# Osta Rx



## Gena Marie (May 15, 2012)

I know I should be, but I am not plugging our product.

I just want to say, I have not lifted for over a month.  Trying to heal all my injuries and feminize some.

So far today I have been able to do 10 ~ 12 pull ups with ease.  The only thing I have been taking is the Osta Rx.  Usually when I take this much time off, I have to build back up to that.  I am usually lucky to get 5 with out forcing my self. Some thing is working  

http://www.ironmaglabs.com/product-list/osta-rx/


----------



## fatsopower (May 15, 2012)

plug away ma'am - you got a product that really works - even for old(er) fat guys - I'm on week 4 of Osta rx and I've peeled serious fat while keeping my strength solid - I've been doing some kind of squats 5 days a week - that has to count for something! - and other than my multi/fish oil/etc, it's my only sup!
you people have a winner here!


----------



## Arnold (May 15, 2012)

yup, the stuff definitely works!


----------



## Curt James (May 15, 2012)

Looking forward to giving this product a shot!


----------



## Gena Marie (May 16, 2012)

Curt James said:


> Looking forward to giving this product a shot!



You are going to  it!


----------



## Kleen (May 16, 2012)

Have there been any females that have completed a run with this so we can get an idea of what types of results / sides may occur? Wife is wanting to use something anabolic to regain some of her mass but is worried about virilization. She is more worried about possible with hair loss than anything.


----------



## Vibrant (May 16, 2012)

it's definitely a great product for sure. Im finishing up my run with it and I'll post up my final thoughts/review soon. Already posted my bloodwork up.

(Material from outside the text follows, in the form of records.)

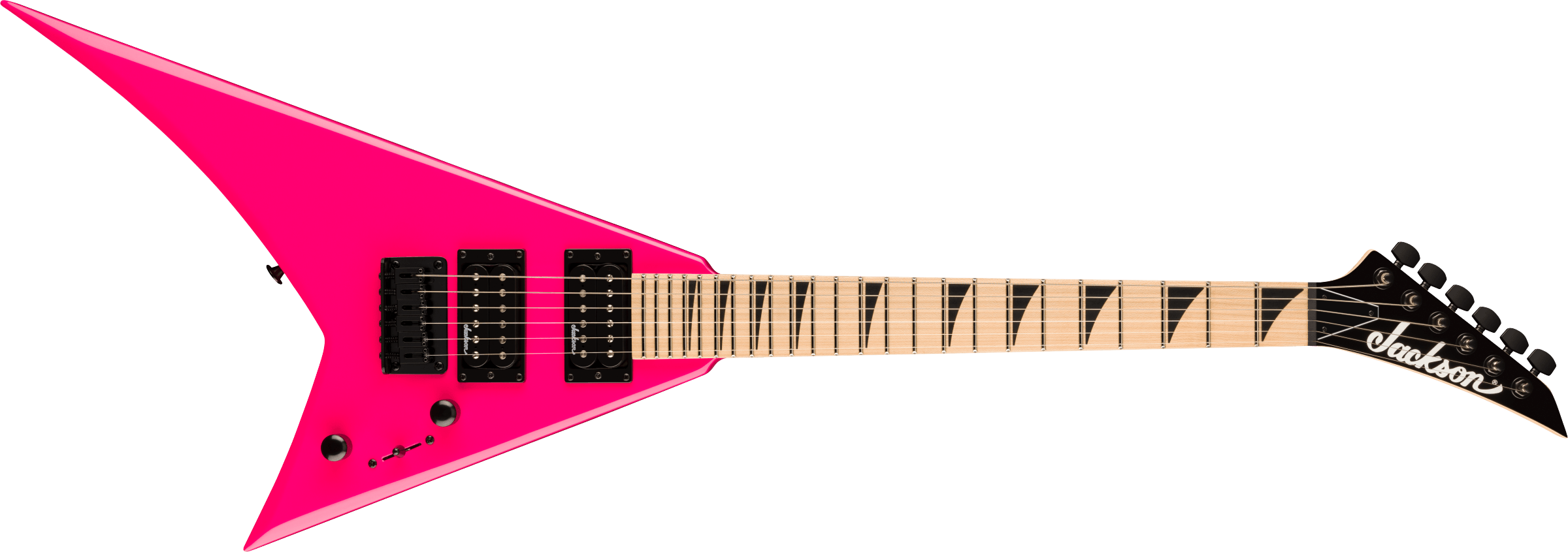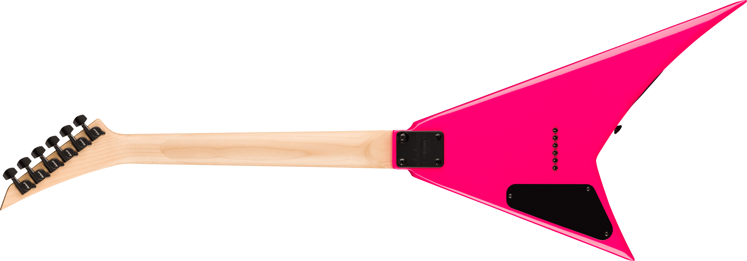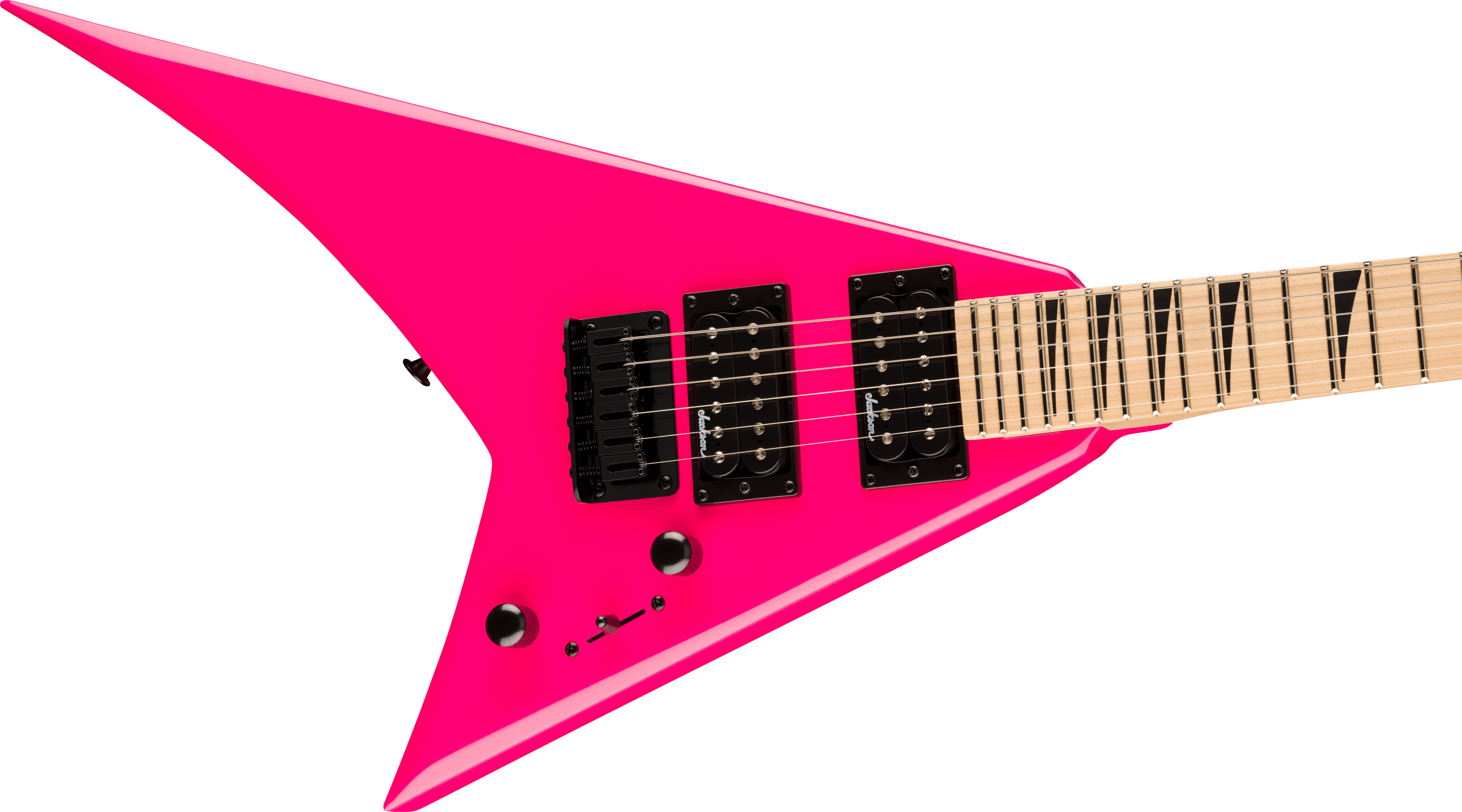 JACKSON JS1X RR MINION NEON PINK est une guitare électrique solid body, série JS, modèle Rhoads Minion JS1X avec un corps en peuplier et une finition brillante, un manche en érable bolt-on avec des renforts en graphite, un doigté en érable à rayon de 12" avec 24 frettes Jumbo et des incrustations Black Sharkfin, un sillet en plastique noir, un matériel noir, des mécaniques Jackson scellées die-cast et un pont String-Through-Body Hardtail à 6 selles Block. L'électronique à configuration HH consiste en 2 micros Jackson High-Output Humbucking, avec un contrôle de volume principal, un contrôle de tonalité principal et un sélecteur de micros à 3 voies.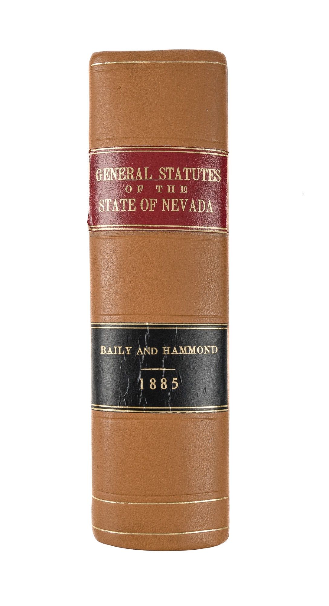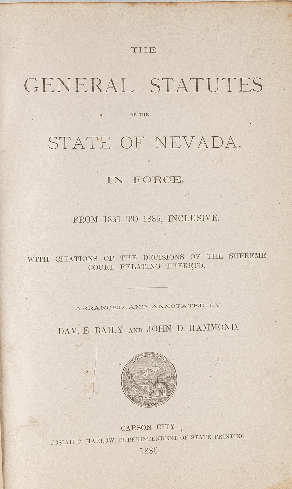 1885. Carson City, [Nevada]: J.C. Harlow, 1885.. Carson City, [Nevada]: J.C. Harlow, 1885. Baily, Dav. E. Hammond, John D. The General Statutes of the State of Nevada: In Force. From 1861 to 1885, Inclusive. With Citations of the Decisions of the Supreme Court Relating Thereto. Arranged and Annotated by Dav. E. Baily and John D. Hammond. Carson City, [Nevada]: J.C. Harlow, Superintendent of State Printing, 1885. viii, 1308 pp. Modern tan calf, retaining original red and black gilt lettering pieces. Endpapers renewed. A very good copy. $250. * Table of Contents. Preliminary: Naturalization; Authentication of Records; Grants of Land to the State of Nevada; Election of United States Senators; Constitution of the State of Nevada; Index to the Constitution. General Statutes: Mines and Mining; Public Lands and Agriculture; Roads and Bridges; Domestic Relations; Military Affairs; Domestic Animals; Wild Game and Fish; Corportaions; Revenue and Taxes; Public Schools; State Institutions; Elections; Officers Generally; State Officers; County and Township Officers; Courts of Justice; Rela Property and Conveyances; Estates of Deceased Persons; Proceedings in Civil Cases; Crimes and Punishments; Certain Miscellaneous Enactments; Appendix: Titles of Certain Statutes Not of General Importance.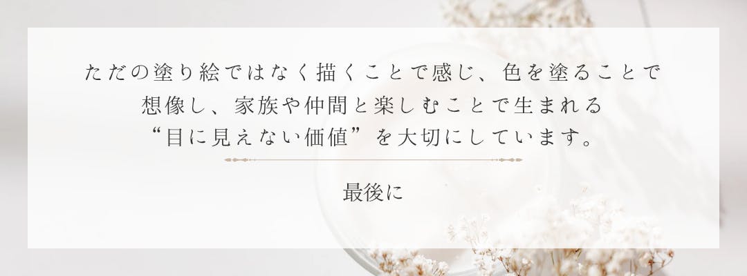 ただの塗り絵ではなく、描くことで感じ、色を塗ることで想像し、家族や仲間と楽しむことで生まれる“目に見えない価値”を大切にしています。

If I was recommending osta to a female, I'd probably recommend to start with 2 caps a day.


----------



## Arnold (May 16, 2012)

Kleen said:


> Have there been any females that have completed a run with this so we can get an idea of what types of results / sides may occur? Wife is wanting to use something anabolic to regain some of her mass *but is worried about virilization. She is more worried about possible with hair loss than anything.*



it's not a hormone.


----------



## Kleen (May 16, 2012)

Vibrant said:


> it's definitely a great product for sure. Im finishing up my run with it and I'll post up my final thoughts/review soon. Already posted my bloodwork up.
> 
> If I was recommending osta to a female, I'd probably recommend to start with 2 caps a day.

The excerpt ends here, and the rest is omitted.